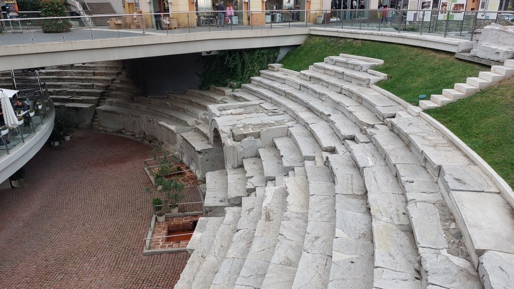 Much like Sofia, when doing some building in the 1960s, various remains of the Roman city were uncovered. Firstly, this 2nd century Roman Amphitheatre. You can still see on some of the good seats (those with a back rest) engraved gold letters of a family name thus reserving those seats – today it is used as a theatre (Diana Ross played last year) and I wonder if families are trying to reclaim their seats. I know I would!
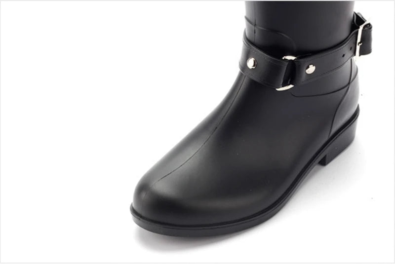 Rubber Boots for Women Waterproof Work Fashion Back Zipper Round Toe High Rain Boots Woman Water Shoes Botas De Caza Espanolas
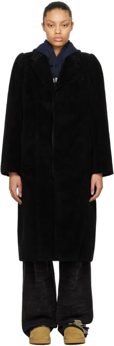 black cotton corduroy logo patch at the sleeve notched lapels front button fastening long sleeves straight hem
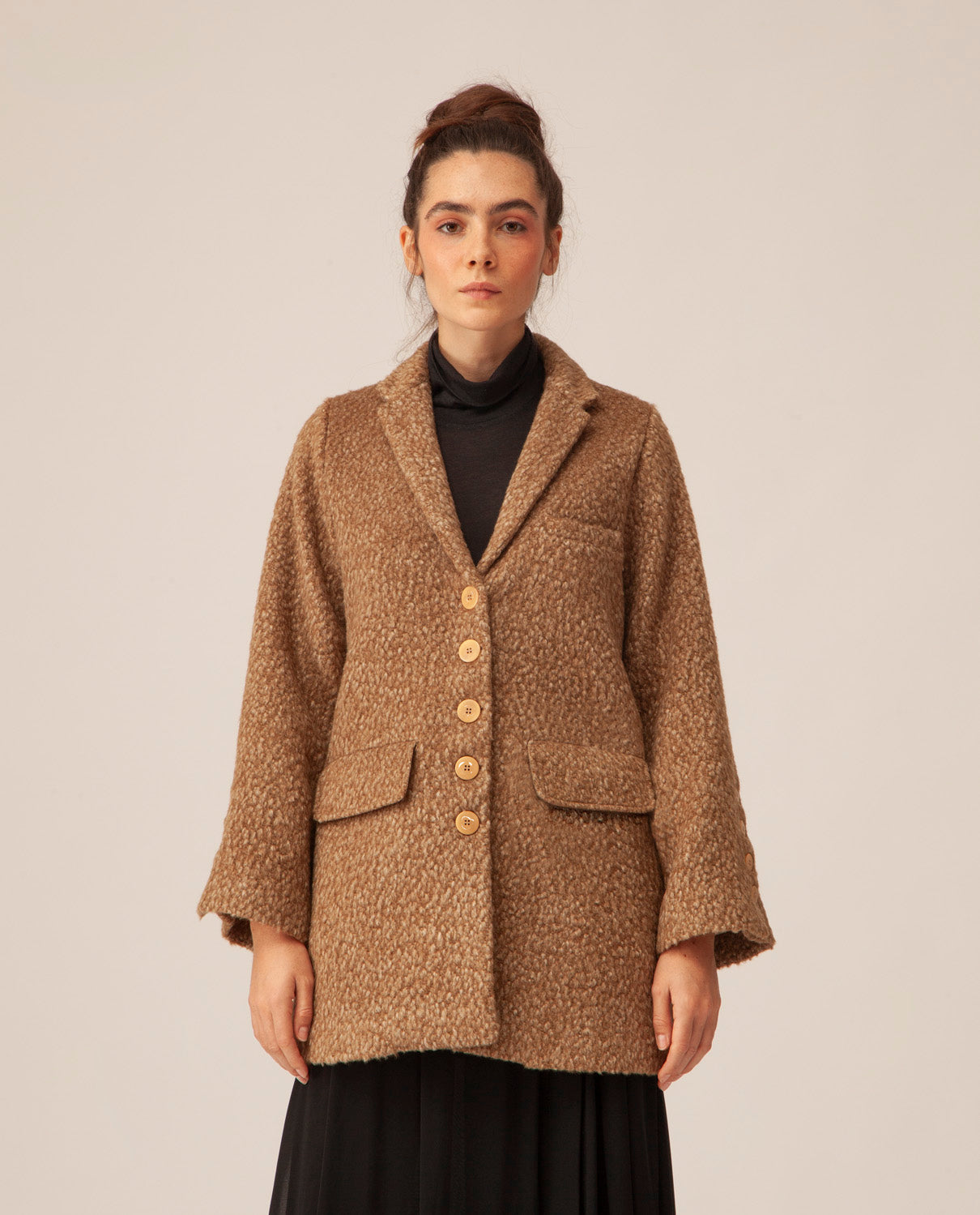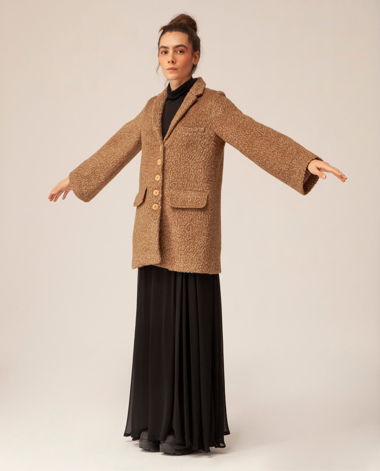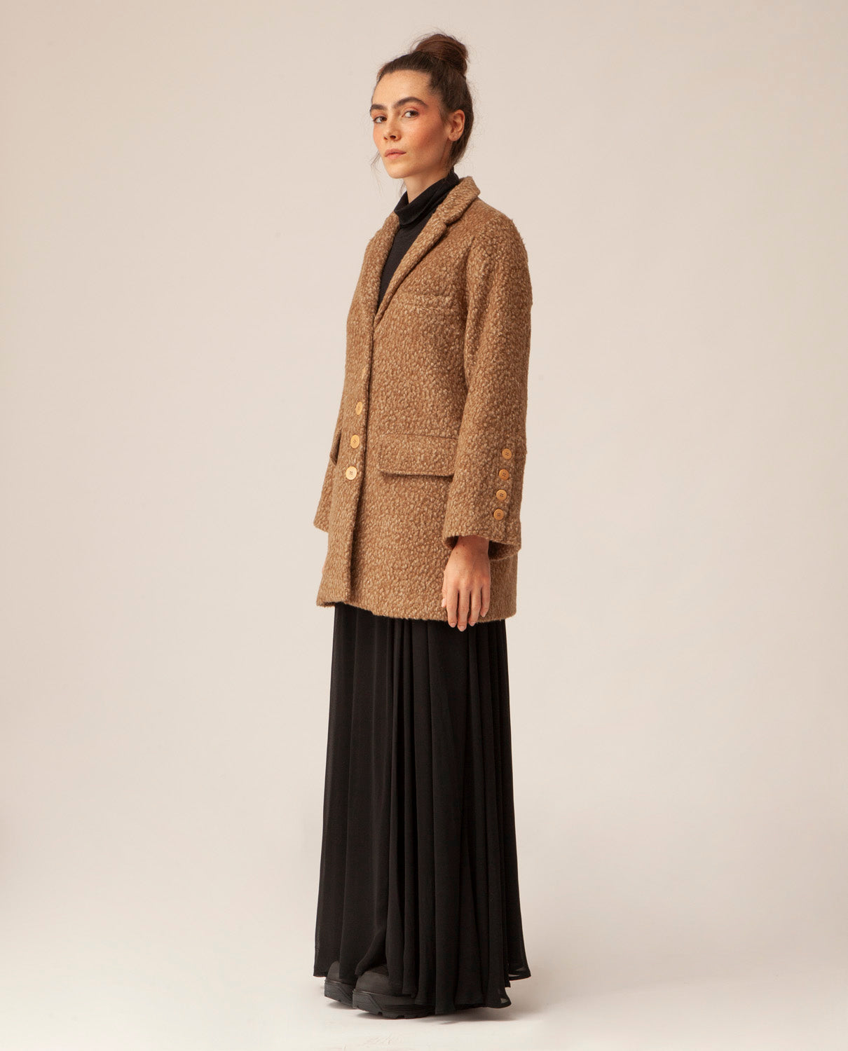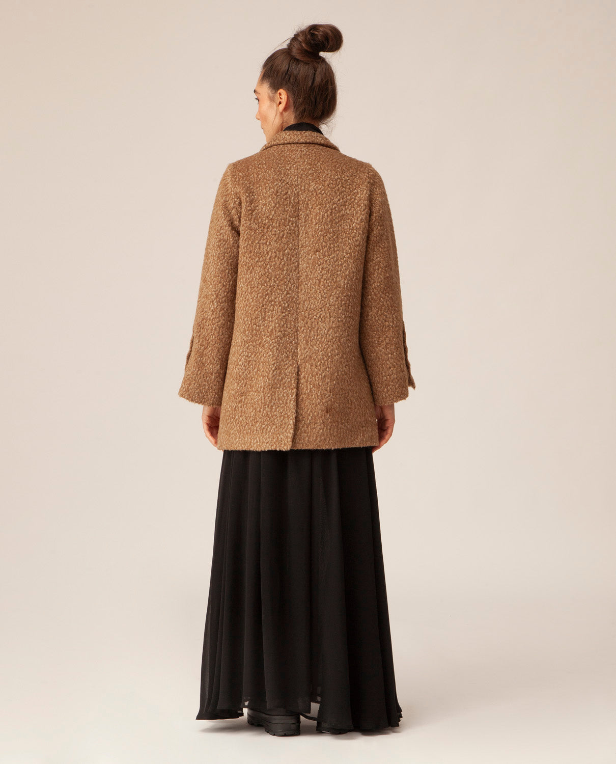 Half-length coat in wool and cashmere with front button closure. It features small lapels, flared sleeves with buttons.

WORK TO COMPLETE: All of the material should be reproduced exactly, apart from the pictures.

SOLUTION BELOW:
 Much like Sofia, when doing some building in the 1960s, various remains of the Roman city were uncovered. Firstly, this 2nd century Roman Amphitheatre. You can still see on some of the good seats (those with a back rest) engraved gold letters of a family name thus reserving those seats – today it is used as a theatre (Diana Ross played last year) and I wonder if families are trying to reclaim their seats. I know I would!
 Rubber Boots for Women Waterproof Work Fashion Back Zipper Round Toe High Rain Boots Woman Water Shoes Botas De Caza Espanolas
 black cotton corduroy logo patch at the sleeve notched lapels front button fastening long sleeves straight hem
 Half-length coat in wool and cashmere with front button closure. It features small lapels, flared sleeves with buttons.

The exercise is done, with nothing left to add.